I am trying to match two separate columns in two entirely different datasets, and I am looking for the best way to achieve this. It need not be a complete match, but also a partial match. I tried COMPGED method, but it took a long time, partly because there's no proper join condition I suppose.

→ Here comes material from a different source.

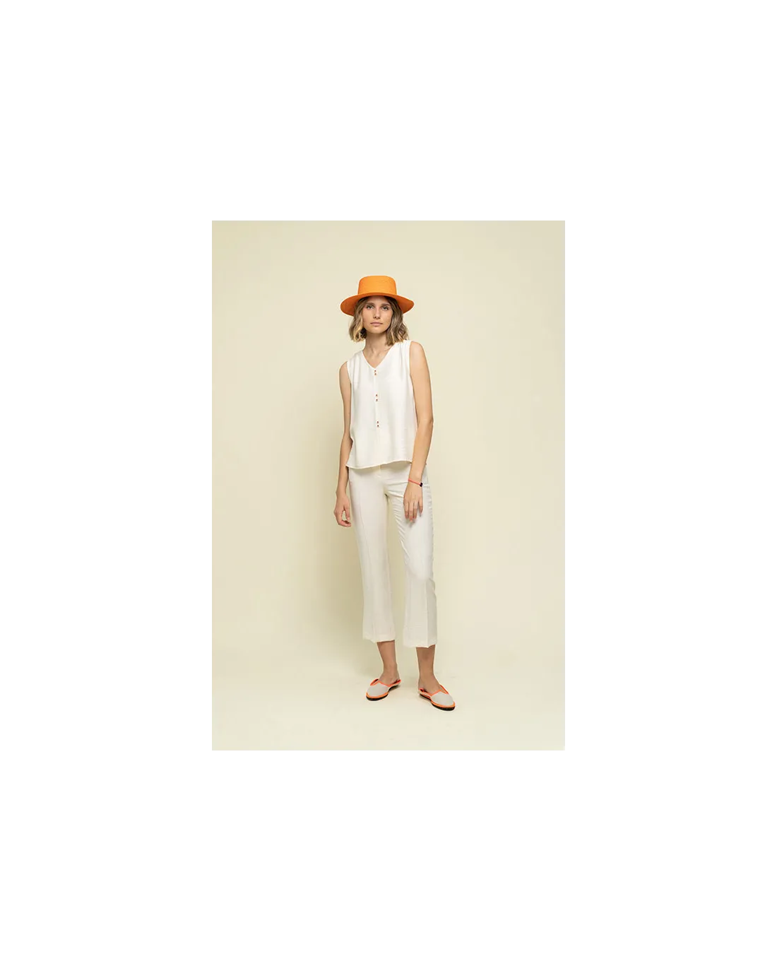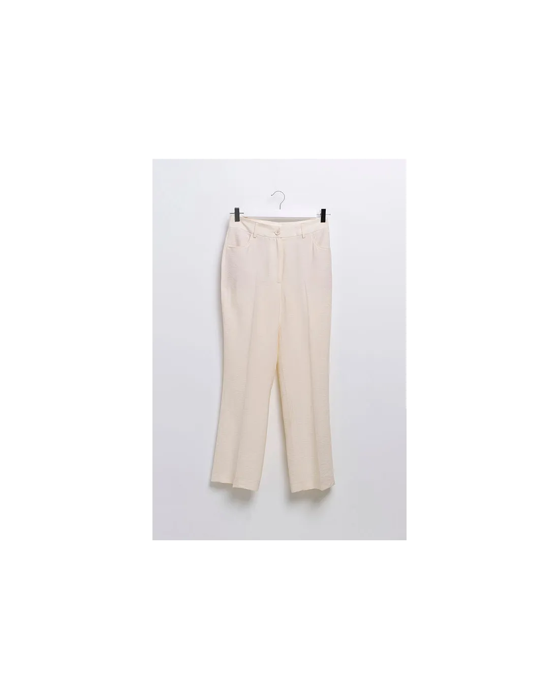 Chaqueta larga fluida de manga larga y sin bolsillos. Puedes cerrártela con la cinta tricolor de la cintura. Pantalón y top a juego.

Below is the sample data from two datasets. This is not the actual data, but the structure is similar
Dataset 1:
Record Count: Approx 1894500
ID name
124 senatorltd
122 pipelineinc
1034 bellcorp
1934 sachetinc
5463 altd
1928 jokerinc
Dataset 2:
Record Count: Approx 1637500
COMPANYNAME
altd
thousandislandsinc
picturesinc
nellynellycorp
cellbellassoc
neyyorkinc
Goal is to try to match the names in the two datasets. I tried below approach hoping that I could get a distribution and then filter the ones with compged_vlue=0, but it takes too much time due to the cross join
proc sql;
CREATE table mylibrary.companynamematching as (
select
a.id,
a.name,
b.companyname,
compged(a.name,b.companyname) as compged_vlue
from mylibrary.dataset1 as a cross join mylibrary.dataset2 as b
where compged(a.name,b.companyname)<=140
);
quit;
I'm open to suggestions on how to solve this the most efficient way. Appreciate any assistance, Thank you!